[[ DATASET, beginning ]]
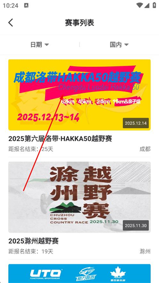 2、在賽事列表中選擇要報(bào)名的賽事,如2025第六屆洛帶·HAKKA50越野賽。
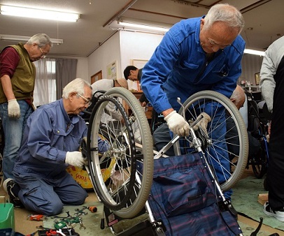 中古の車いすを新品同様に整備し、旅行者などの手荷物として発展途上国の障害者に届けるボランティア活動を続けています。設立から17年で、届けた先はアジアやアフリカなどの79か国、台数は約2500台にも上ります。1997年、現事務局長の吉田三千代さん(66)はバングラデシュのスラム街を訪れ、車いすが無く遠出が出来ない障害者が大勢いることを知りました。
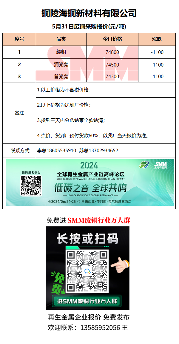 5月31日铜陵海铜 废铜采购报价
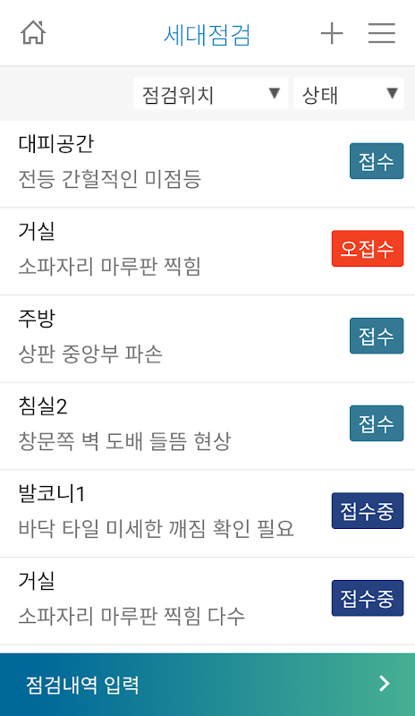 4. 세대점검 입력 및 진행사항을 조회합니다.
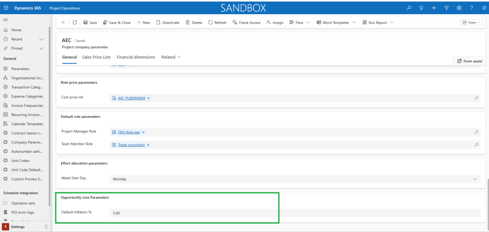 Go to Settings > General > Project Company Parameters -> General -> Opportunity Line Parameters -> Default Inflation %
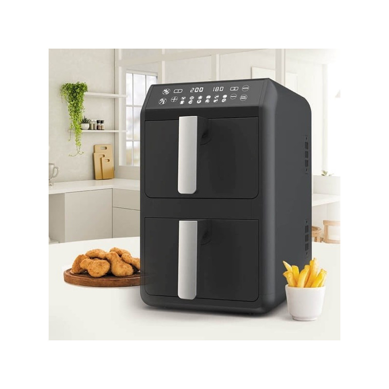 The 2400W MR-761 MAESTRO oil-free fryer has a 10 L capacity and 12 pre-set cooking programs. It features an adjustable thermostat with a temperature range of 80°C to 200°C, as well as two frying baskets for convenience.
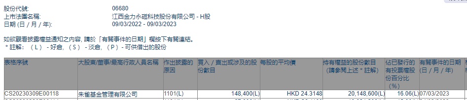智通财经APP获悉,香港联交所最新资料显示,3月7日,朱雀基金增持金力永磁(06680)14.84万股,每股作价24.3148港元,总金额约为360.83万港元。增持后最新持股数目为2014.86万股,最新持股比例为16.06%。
[[ DATASET, end ]]
EXERCISE DIRECTIONS:
Which part of the entries opens with the line containing "5月31日铜陵海铜 废铜采购报价" and closes with the line containing "Go to Settings"? Output that part exactly, ends included, pictures excluded.

ANSWER:
 5月31日铜陵海铜 废铜采购报价
 4. 세대점검 입력 및 진행사항을 조회합니다.
 Go to Settings > General > Project Company Parameters -> General -> Opportunity Line Parameters -> Default Inflation %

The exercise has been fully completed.